Вечером Борис Николаевич уехал в Крым. Устроив больную барышню в Ялте, он пароходом поехал на Феодосию.

Из-за коричневой горы медленно развернулись знакомые места с синими волнами гор на западе; самых дальних не разберешь — горы то или седые клочья туч на вершинах…

Вот и перламутровый залив с песчаным берегом и опустевшими, заколоченными дачами. Борис Николаевич почувствовал, что та, прежде созданная им жизнь теперь опустела и заколочена, как эти дачи. А с ним здесь большое, как море, счастье. Никогда и не подозревал он о возможности его на земле.

Вот впереди та самая дача, с деревцами, теперь обернутыми соломой… Как много невероятного в человеке! Полгода тому назад здесь он презрительно раздавил ногой что-то такое, что неведомо для него упало в его душу зерном новой жизни.

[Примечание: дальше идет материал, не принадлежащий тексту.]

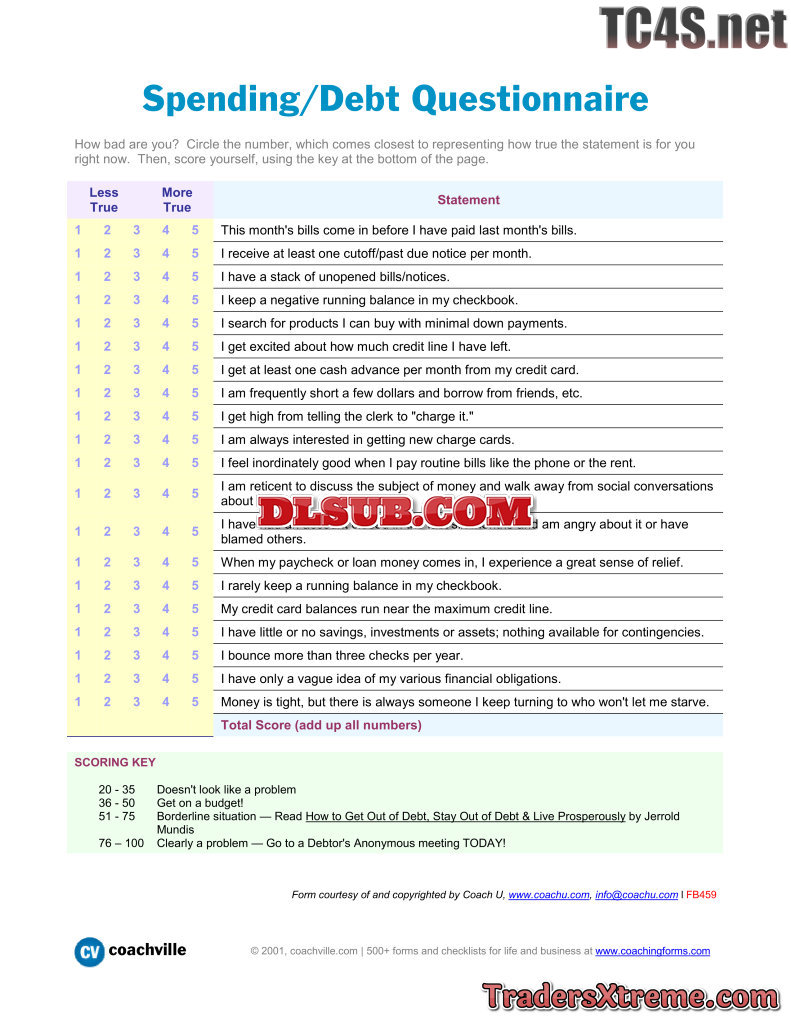 Spending Debt Questionnaire - JPG Image File

Ему за сорок лет; думал — отцвела душа, а она вдруг зазеленела небывалой красоты побегами, как зацветут по весне эти голые деревья.

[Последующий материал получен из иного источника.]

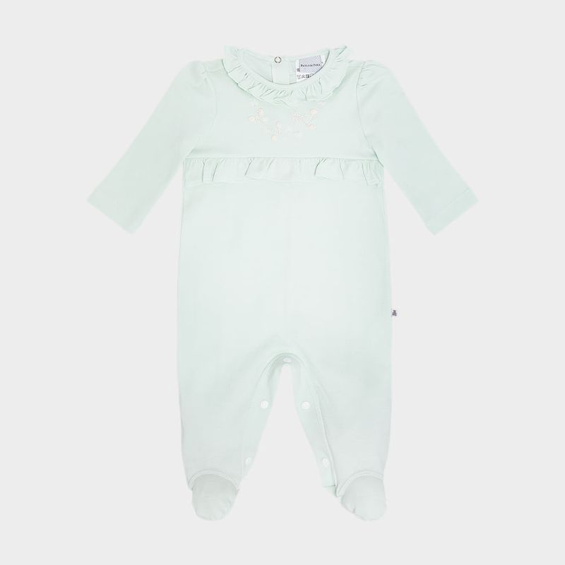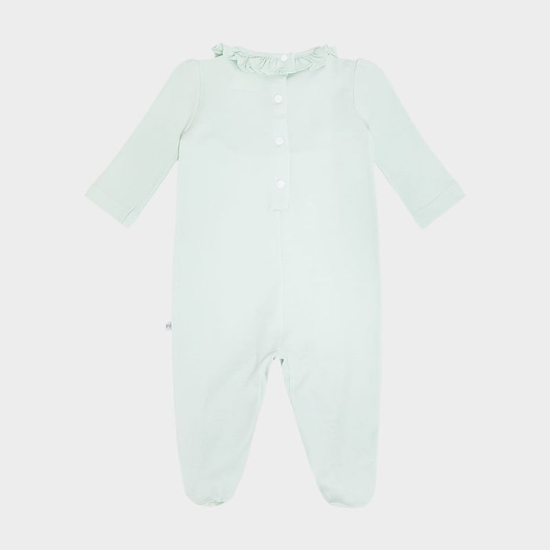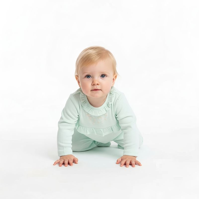O Macacão com babado e flores é uma peça delicada e sofisticada, perfeita para momentos especiais e para o dia a dia com muito conforto. Confeccionado em malha de algodão egípcio, conhecida pela maciez e durabilidade, proporciona toque extremamente suave sobre a pele sensível do bebê.

В Феодосии Борис Николаевич сел в поезд и поехал в Ямск.

Он приехал на рассвете третьего дня. От вокзала до города пришлось ехать полем. Потом — кривые, занесенные снегом улицы с накренившимися заборами и подслеповатыми домиками. Потом выехал на громадную, как поле, площадь. Белыми привидениями носятся по ней столбы снега, где-то далеко мерцает фонарь. Покажется и снова скроется в сугробе. Извозчик в треухе обернулся и спросил:

— Вам же, барин, куда?

— Куда? А гостиница здесь есть?

— Есть. Постоялый называется.

— Туда и вези.

— Ну, вам куда больше желательно: к Пшеничному или к Савоське?

— А не знаю, право.

— Да вы благородный господин или так, за шкурами?

— За какими шкурами?

— Разве ж вам неизвестно? Сегодня ж среда — шкурный день называется. Базар же!

— Нет, мне это не нужно.

— Значит, к Пшеничному.

Долго стучались они в ворота, над которыми висел затрепанный ветром пук сена. Вышел старик с фонарем. Через двор, заставленный санями, он провел на кухню, а потом в номер — низенькую комнату с огромной деревянной кроватью и старинным диваном, у которого отвалилась одна ручка и половина спинки.

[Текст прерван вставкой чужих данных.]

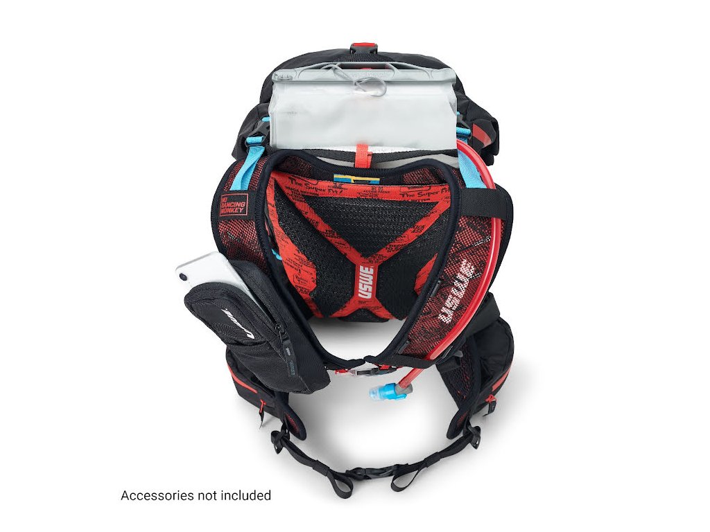 - Systém postrojů No Dancing Monkey ™ 2.1 s integrovanými elastickými popruhy, které se při fyzické námaze rozšiřují spolu s hrudníkem, což umožňuje konstantní těsné a přizpůsobivé uchycení. Ramenní popruhy jsou ergonomicky navrženy pro pohodlné a plynulé rozložení váhy batohu přes ramena.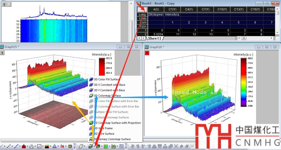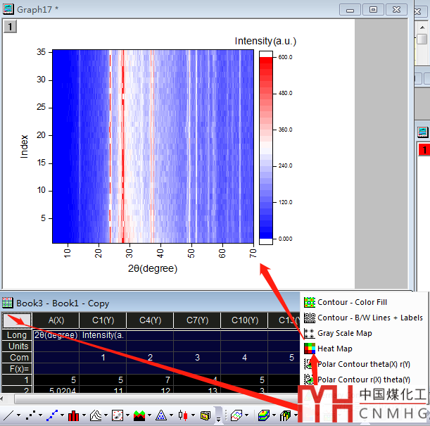 模板|Origin繪制Contour原位XRD-GC圖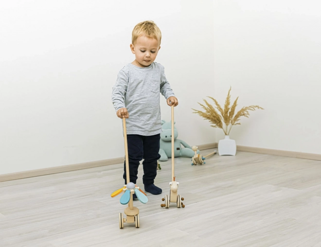 Čvrsta štap pruža podršku pri prvim koracima, s drvenom kuglom na kraju za veću sigurnost. Jahač je izrađen od izdržljivog drveta bez oštrih rubova, što osigurava dugotrajnost i sigurno igranje.

— Пачпорт пожалуйте, — сказал дед, получил паспорт и молча ушел.

Было пять часов. Борис Николаевич лег спать, но спал плохо. Утром разбудил его базарный гул за окном. Взглянув в окно, Борис Николаевич увидел, что громадная площадь теперь полна крестьянскими санями. А посредине площади торговые ряды с развешенными на шестах кожами и какими-то кипами. Тоже, вероятно, кожи.

Борис Николаевич вспомнил разговоры Белкова.

В крестьянских санях были видны деревенские продукты. Шли мимо окон горожане и горожанки с пустыми корзинами и с провизией, и сыпался на них тихий ласковый снег. Долго смотрел на них Борис Николаевич.

Отставной полковник, сердито хмуря белые брови, выбирал в санях новый веник. Дама в капоре и шубке с кенгуровым серым воротником остановилась у саней с битой птицей и молча смотрела, как мужик, подняв из саней гуся, кричал и бил гуся и себя рукавицей.

Баба в зеленом платке тоже остановилась и все смотрела то на гуся, то на даму.

Борис Николаевич взглянул на даму и узнал в ней Веру Степановну. Загар у нее сошел, лицо было бледно, и мороз его не разрумянил.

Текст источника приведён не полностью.